FIG. 1 shows a switch matrix device according to an embodiment of the invention; FIG. 2 shows a switch matrix device according to another embodiment of the invention; FIG. 3 shows an insulating substrate and a first insulator of the device shown in FIG. 4 is a circuit diagram of the switch matrix device, FIG. 5 is an external view of the device shown in FIG. 2, FIG. 6 is a conventional thin switch device, and FIG. 7 is a thin switch shown in FIG. 6. 8 is a cross-sectional view of the main parts of the device; FIG. 8 is another thin switch device having a conventional configuration; FIG. 9 is an actuator used in the device shown in FIG. In the figure, 21.41 is a switch matrix device, 22.42 is a non-flexible insulating substrate, 23.46 is a through hole, 24 is a first electrode, 25 is a second electrode, and 26 is a first wiring. , 27 is the second wiring, 28 is the first insulating layer, 29
30 is the third wiring, 31 is the second insulating layer, 31 is the second
32 is a flexible insulating sheet, 33 is a third electrode, 43 is a switch section, 45 is an electric circuit section, 52 is a driver, and 53 is an encoder. λ1 Sui・、＋Futori Nfusu Hiroaki Chichinao's − Roasted 111F! Alternative 1: Yoru Sui Framatrix Status No. 1 Figure 41 Sui-/+Matori, Kusu Maki Moku Kanmei (t's Shishi fi1 Bisui, Aginmato),
, As Table 5! 52 Figure 0 ■ ■ ■ ■ 0 ■ ■ ■ 0 ■ ■ ■ I Lusix's most direct rotation map man 4 area IFS 2 r CfRTM !t (F) External view 'I
I115 Conventional zero type switch, 74 model

Claims (2)

[Claims] (1) On the upper surface of the non-flexible insulating substrate (22), there are a plurality of first electrodes (24) arranged in a matrix, and each of the first electrodes (24) is connected at an appropriate gap.

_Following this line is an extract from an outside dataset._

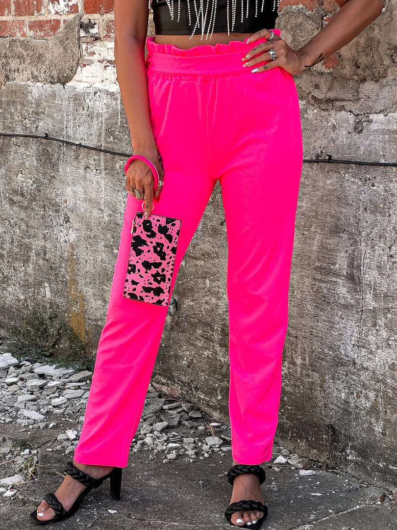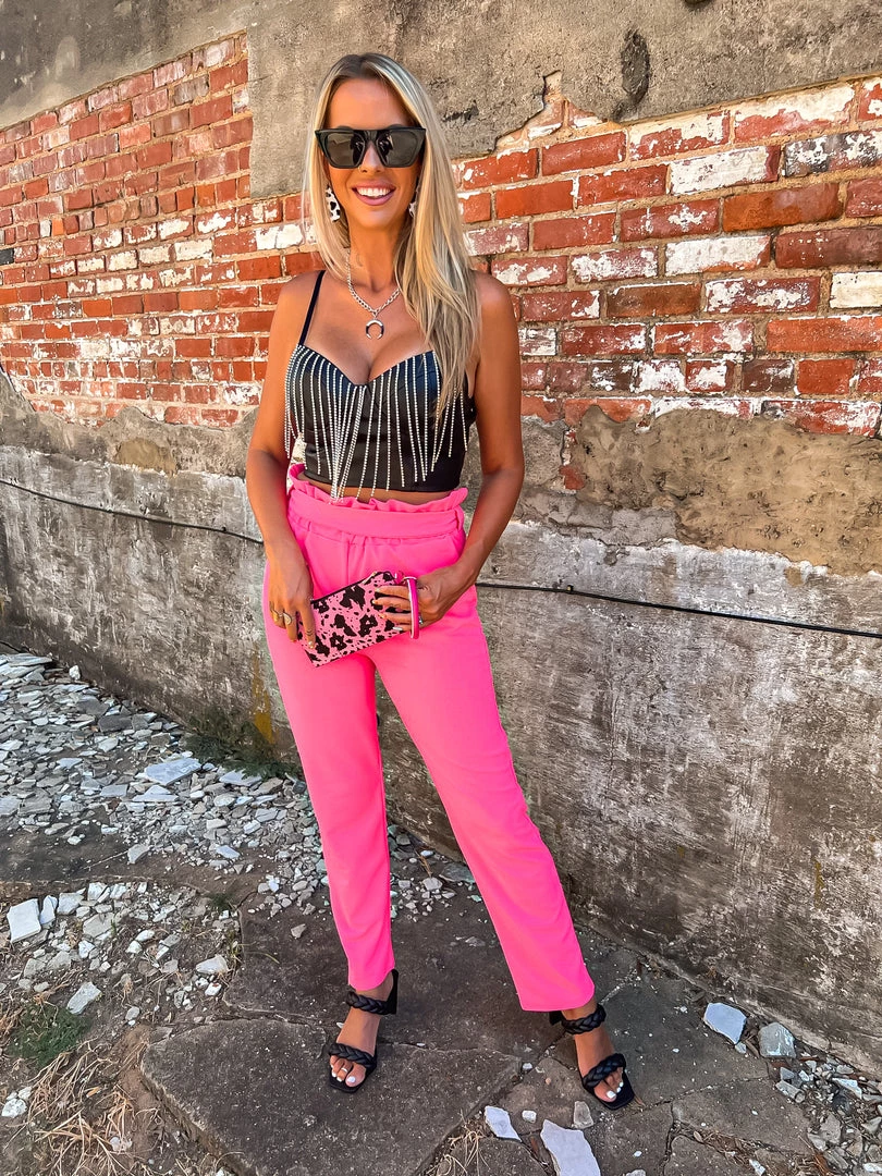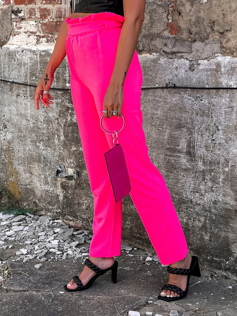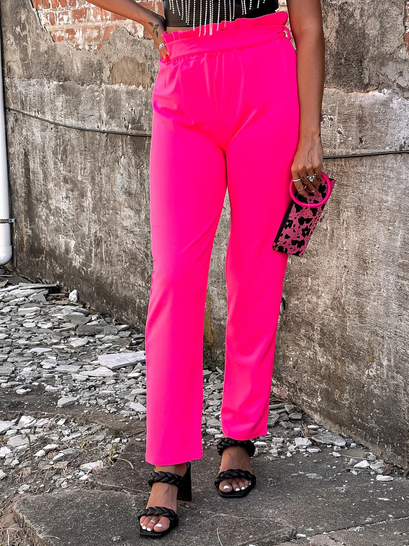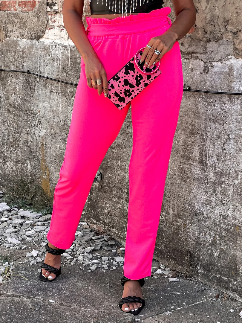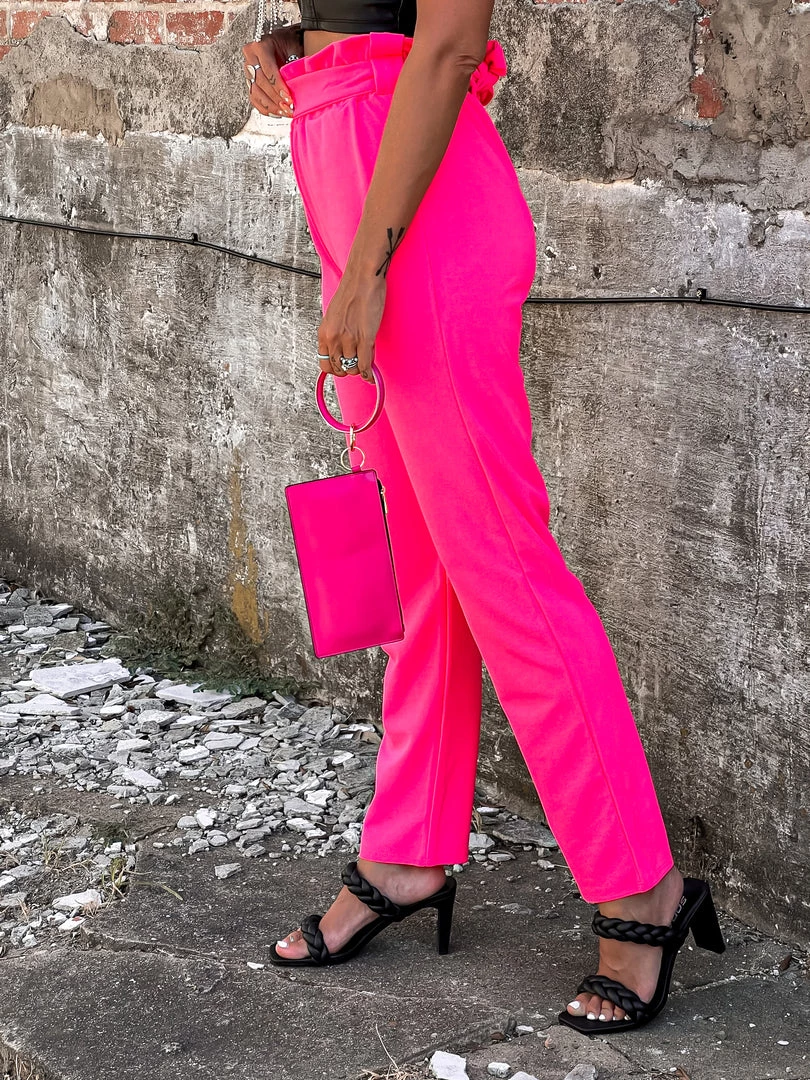 - Solid bright pink, paper bag style ruched waistband, elastic waistband with slip on style, self tie belt, straight leg pant

A plurality of opposing second electrodes (25), a first wiring (26) that communicates with the first electrodes (24) arranged in the same direction, and a first wiring (26) that communicates with the second electrodes (25). a second wiring (27),
A first insulating layer (28) covering the first and second wirings (26, 27) is provided, and the first electrode (24) is provided on the lower surface of the insulating substrate (22).
A through hole (2
3) and a third wiring (30) communicated via the second wiring (27), and a second wiring (30) that covers the third wiring (30).
The first insulating layer (28) is provided with an insulating layer (31), and is provided with a through hole (29) that exposes each opposing portion of the first and second electrodes (24, 25).
A flexible insulating sheet (32) is stacked on top of the insulating sheet (32), and a lower surface of the insulating sheet (32) is provided above both the first electrode (24) and the second electrode (25), which are opposed to each other. A switch matrix device characterized by forming a third electrode (33) facing the. (2) The non-flexible insulating substrate (42) is connected to the first electrode (
24), second electrode (25), first wiring (26), second wiring (27), third wiring (30), first insulating layer (28), second insulating layer ( 31), a switch part (43) in which the insulating sheets (32) are stacked, a driver (52) and an encoder (53),
6) A switch matrix device comprising an electric circuit section (45) formed with an electric circuit to which the third wiring (30) is connected.